Querida vida

Estabas ahí, bajo un camisón de seda desteñido, con horarios que yo no establecía, con visitas de improviso y puertas que cerraban los demás. Yo que duermo siempre con las puertas abiertas, en invierno y en verano. y sin tener nunca en cuenta la existencia de persianas. Pero estabas ahí, me quedé las advertencias y cogí en cuanto pude la boleta de vuelta a la casa propia.
Aquí, ya lo dije, lo de siempre: ni me satisface al cien por cien ni yo tampoco a estas alturas de mi vida puedo ser ciento por ciento para nadie. Pero viviendo igual, -te lo advierto vida- tendré cada vez un poco más claro que las donaciones has de pensar que son a fondo perdido, que te proporcionan ratos inapagables y valiosos, pero se te quedan siempre cortos, como me pasó desde adolescente.
Viviendo igual en mis aproximaciones, cometiendo idénticos errores, admirando y admirándome, con el provenir de mi pasado a cuestas, aportando como siempre han sido mis entregas, buscando esa felicidad que dura poco, siendo lo que amo, la mejor definición del ser humano, y tropezando las mismas ocasiones en los mismos lugares.
Pensaré hasta que me estaban esperando, pero eso no es cierto, ni tampoco era cuestión de prioridades: quien te espera te tiene ya, y a quién tú esperabas hace mucho tiempo que te enseñó a estar a su lado.

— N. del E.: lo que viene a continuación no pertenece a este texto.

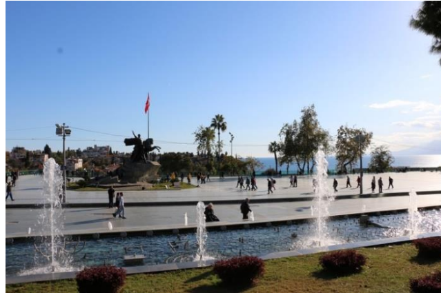
Şekil 7. Cumhuriyet Meydanı Havuz Alanı

Hükümet binasının 2008’de yıkılmasından sonra yapılan ve günümüze ulaşan düzenlemede meydana su elemanları (Şekil 7), oturma birimleri, yeşil alanlar, gölgeleme elemanları, seyir terasları gibi birimler bulunmakta, meydanın kuzey kısmının altında ise 2 katlı 14 araçlık büyük otobüs, 5 araçlık küçük otobüs ve 76 araçlık otomobil otoparkı bulunmaktadır. Meydan; çiçeklikler, banklar, alçak ve yüksek boylu aydınlatma direkleri, çöpler, sigaralıklar, döküm ağaç koruyucular ve membran gölgeleme alanları (Şekil 8) gibi estetik değeri olan donatılarla desteklenmektedir.
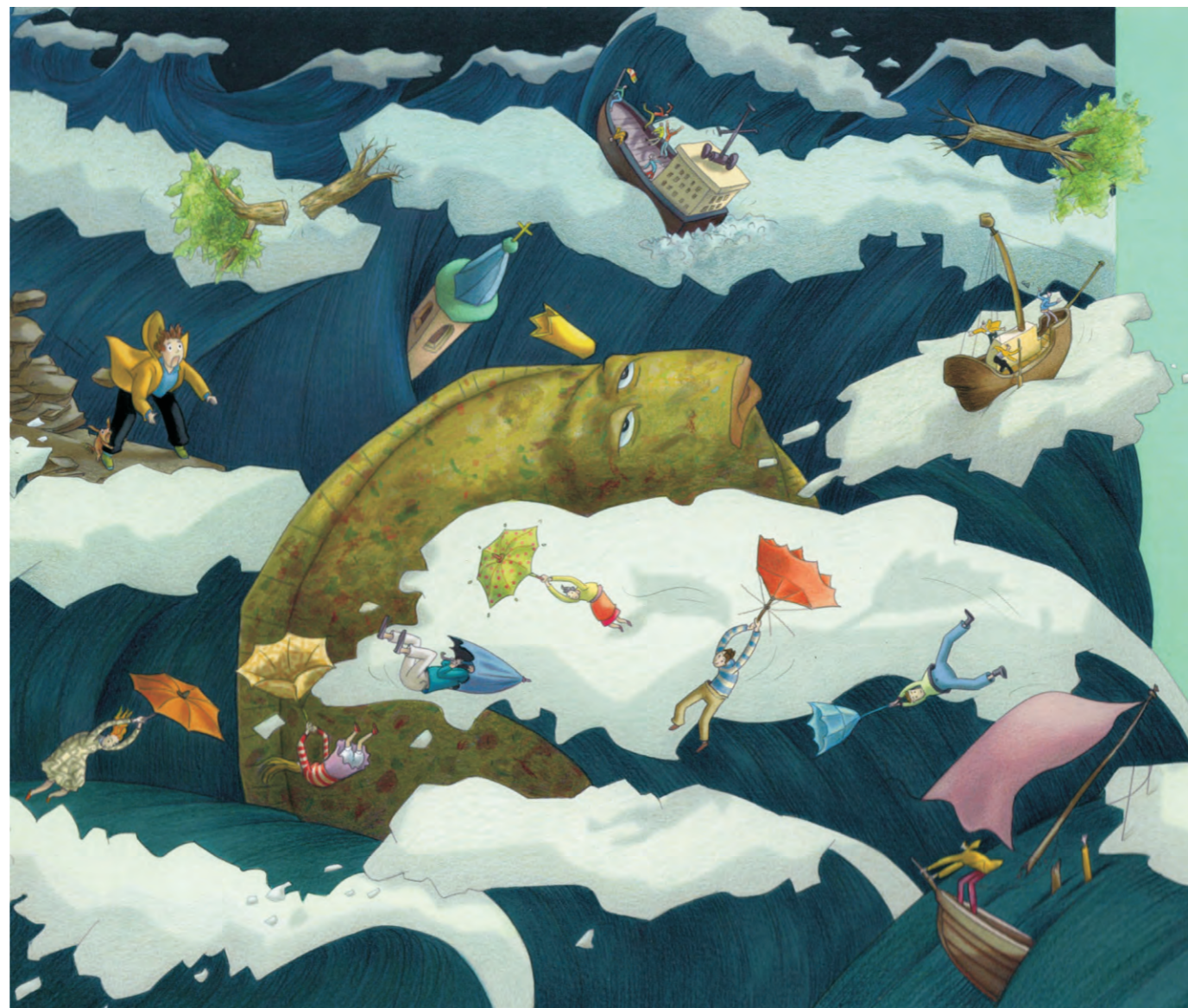
Sabine Wilharm, Illustration zu „Vom Fischer und seiner Frau“, Ausschnitt, © Aufbau- Verlag

Die Galerie "Sonnensegel" wird gefördert durch die Ministerien für Wissenschaft, Forschung und Kultur sowie für Bildung, Jugend und Sport des Landes Brandenburg, die Stadt Brandenburg a.d. Havel.
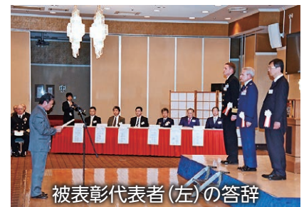
被表彰代表者(左)の答辞
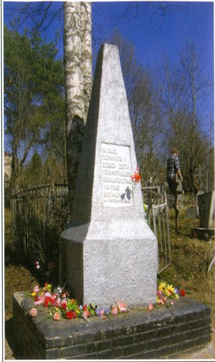
ДЕТЯМ ЛЕНИНГРАДЦЕВ, УБИТЫМ ВОЙНОЙ
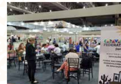
MIN. DA EDUCAÇÃO-FUNDEB
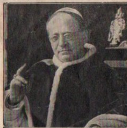
Sa Sainteté PIE XI
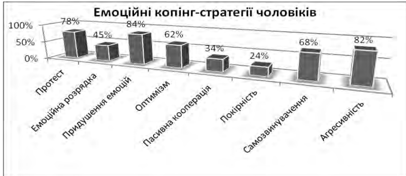
Рис. 5. Показники розподілу емоційних стратегій копінг-механізмів у чоловіків експериментальної групи

Жінки з яраво вираженою фемінністю в своїй соціально-психологічній адаптації найчастіше використовують наступні копінг-стратегії: збереження самовладання, релігійність, додачу значення, покірність, пасивну кооперацію, оптимізм, альтруїзм, відвернення, співпрацю (рис. 4, 6, 8).
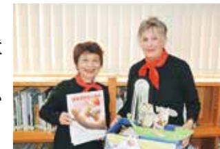
「たろうアンドはなこ」の皆さん

12月11日(土)11:00から町立図書館児童コーナーでお話の会「たろうアンドはなこ」の皆さんによる、楽しいおはなし会を行います。親子やお友だち同士で、ぜひお越しください。

Entraba cada día, no le hacía falta hablarme mucho, pero me miraba y estaba, como hace más de 40 años.
Pero no he venido a quejarme de nada. Se quejan los viejos, los que no tienen la cultura del esfuerzo, los que son incapaces de darse cuenta que las propias mediciones las tiene cada uno de por sí y sin depender de nadie. He venido a escribirle a la vida un capítulo más de de esa novela epistolar que se queda muchas veces sin respuestas. He venido a escribirle a la vida que estoy aquí de nuevo en la intemperie de los sentidos, dispuesto a responder una vez más, pero incapaz de volver llamar.
Lo hice muchas veces, quizá demasiadas, vaciando en cada llamada, voces, sentimientos y generosidad. Las mediciones que di, no me las puede devolver nadie. Quizá las tuvo pero la vida no le dio tiempo de dármelas del todo, la muchacha más hermosa de la tierra. La otra tarde –por aquello de que tenía yo de nuevo que escribirle a la vida- leía entre sus papeles de bachillerato -que le dieron su nacionalidad francesa- que era lista, disciplinada y aguda. Su mirada, su demanda, lo decía.
Muchas veces me dicen que miro igual que ella. Lo único que ocurre es que yo le estoy escribiendo de nuevo a la vida, a todo lo que me gusta de la vida.